> Material provided:
#####
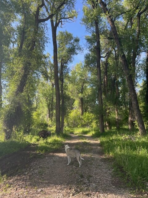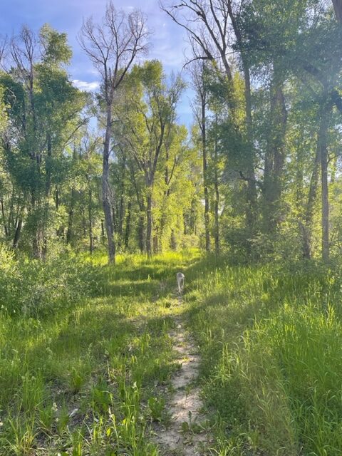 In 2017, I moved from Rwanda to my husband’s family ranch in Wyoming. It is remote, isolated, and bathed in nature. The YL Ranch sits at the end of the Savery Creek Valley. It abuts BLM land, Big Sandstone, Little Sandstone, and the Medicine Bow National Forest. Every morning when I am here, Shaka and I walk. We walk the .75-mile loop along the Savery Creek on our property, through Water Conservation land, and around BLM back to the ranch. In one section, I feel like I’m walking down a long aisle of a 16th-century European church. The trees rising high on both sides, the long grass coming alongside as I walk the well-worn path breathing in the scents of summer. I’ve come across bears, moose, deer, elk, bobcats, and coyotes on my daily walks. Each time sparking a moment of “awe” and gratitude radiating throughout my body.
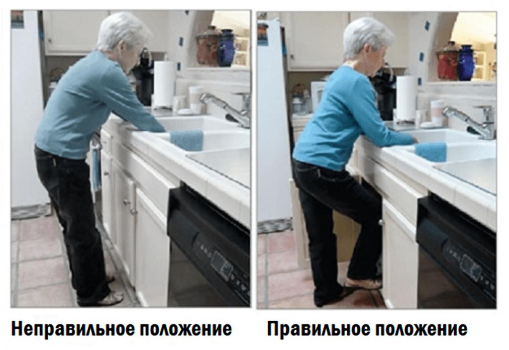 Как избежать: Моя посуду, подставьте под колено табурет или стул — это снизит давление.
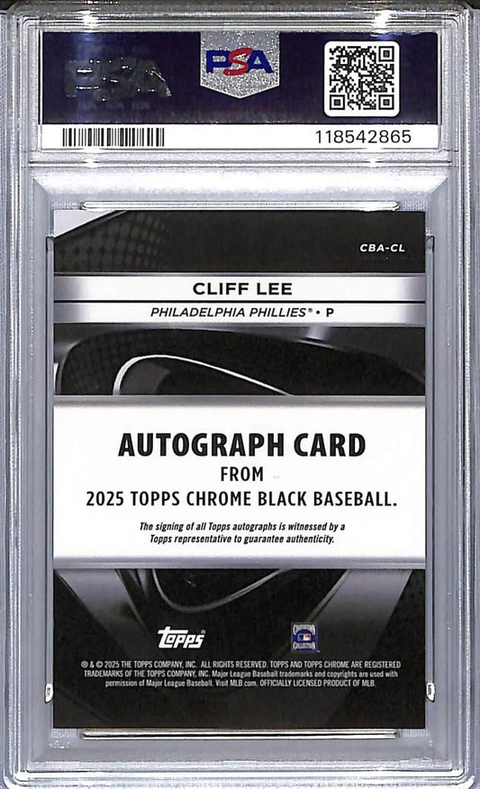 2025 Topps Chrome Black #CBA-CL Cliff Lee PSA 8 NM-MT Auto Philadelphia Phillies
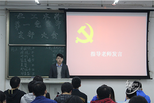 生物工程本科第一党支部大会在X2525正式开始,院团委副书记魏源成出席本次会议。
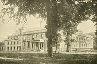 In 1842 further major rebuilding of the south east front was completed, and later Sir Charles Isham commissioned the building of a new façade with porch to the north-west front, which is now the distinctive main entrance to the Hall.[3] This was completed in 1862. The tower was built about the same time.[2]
#####
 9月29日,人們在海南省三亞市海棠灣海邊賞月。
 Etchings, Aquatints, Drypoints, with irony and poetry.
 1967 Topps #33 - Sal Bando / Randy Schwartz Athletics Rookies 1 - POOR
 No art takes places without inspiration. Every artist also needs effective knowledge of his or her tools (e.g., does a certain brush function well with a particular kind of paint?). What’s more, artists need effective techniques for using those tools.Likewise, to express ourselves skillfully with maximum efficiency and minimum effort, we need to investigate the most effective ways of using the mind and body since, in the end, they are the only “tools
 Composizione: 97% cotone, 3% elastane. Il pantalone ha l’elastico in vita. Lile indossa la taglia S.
#####
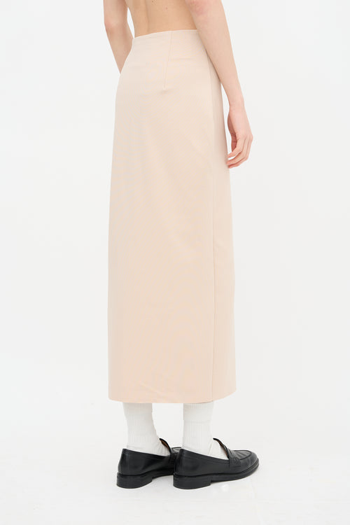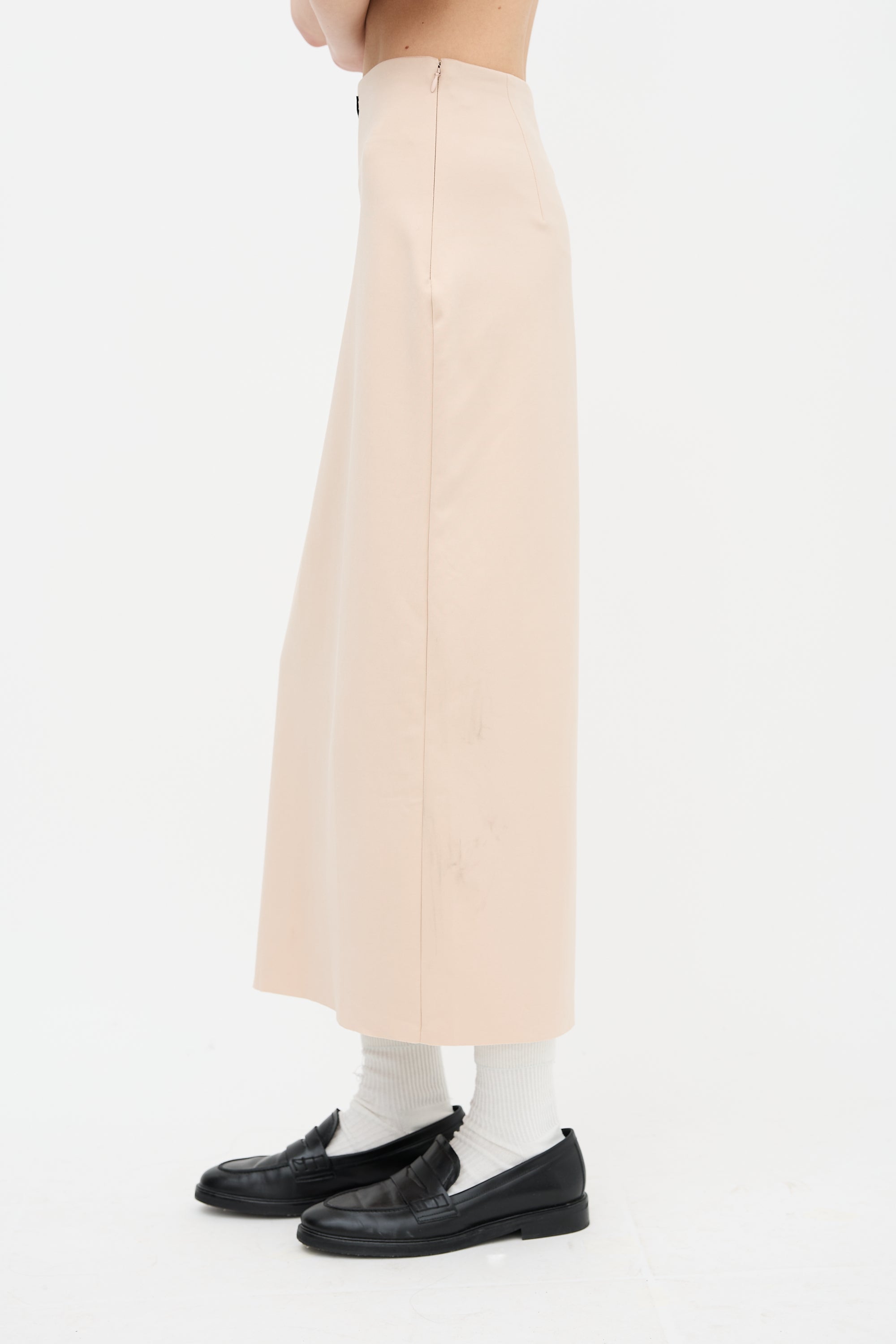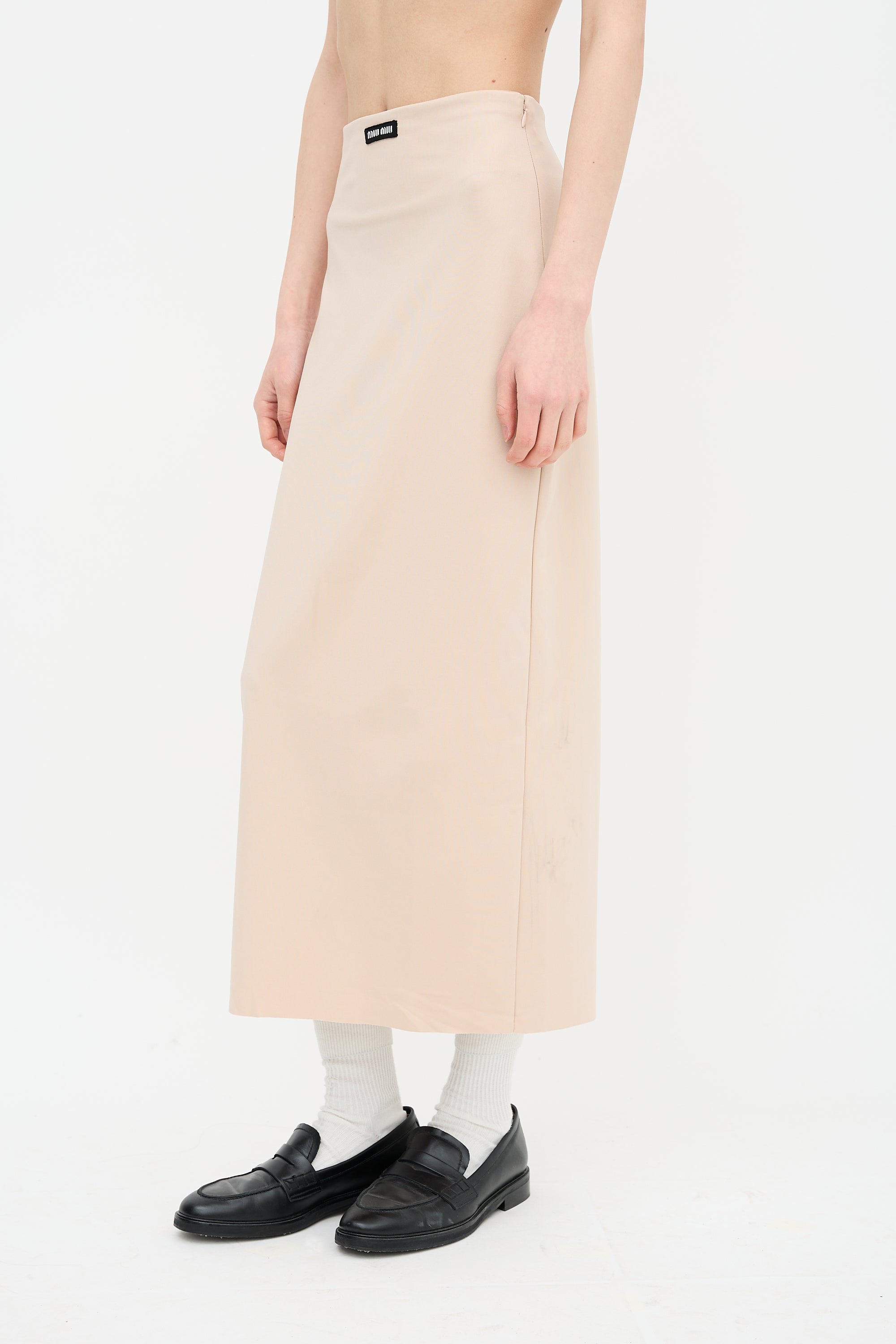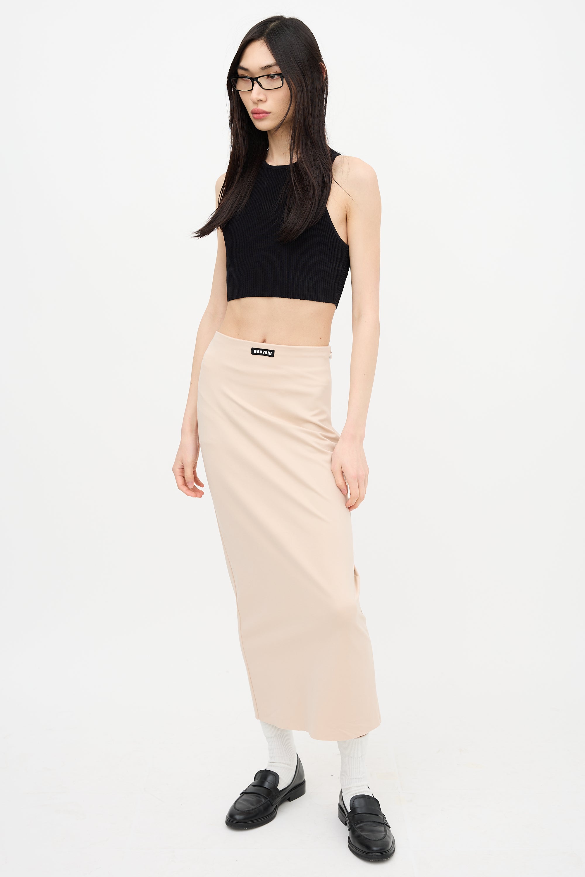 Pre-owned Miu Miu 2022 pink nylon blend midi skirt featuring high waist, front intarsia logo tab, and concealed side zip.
#####
> What you need to do:
With the line holding "No art takes" as the first and the line holding "Composizione: 97% cotone, 3%" as the last, please transcribe exactly the lines of the material above in that range and nothing else.

> Exercise solution:
 No art takes places without inspiration. Every artist also needs effective knowledge of his or her tools (e.g., does a certain brush function well with a particular kind of paint?). What’s more, artists need effective techniques for using those tools.Likewise, to express ourselves skillfully with maximum efficiency and minimum effort, we need to investigate the most effective ways of using the mind and body since, in the end, they are the only “tools
 Composizione: 97% cotone, 3% elastane. Il pantalone ha l’elastico in vita. Lile indossa la taglia S.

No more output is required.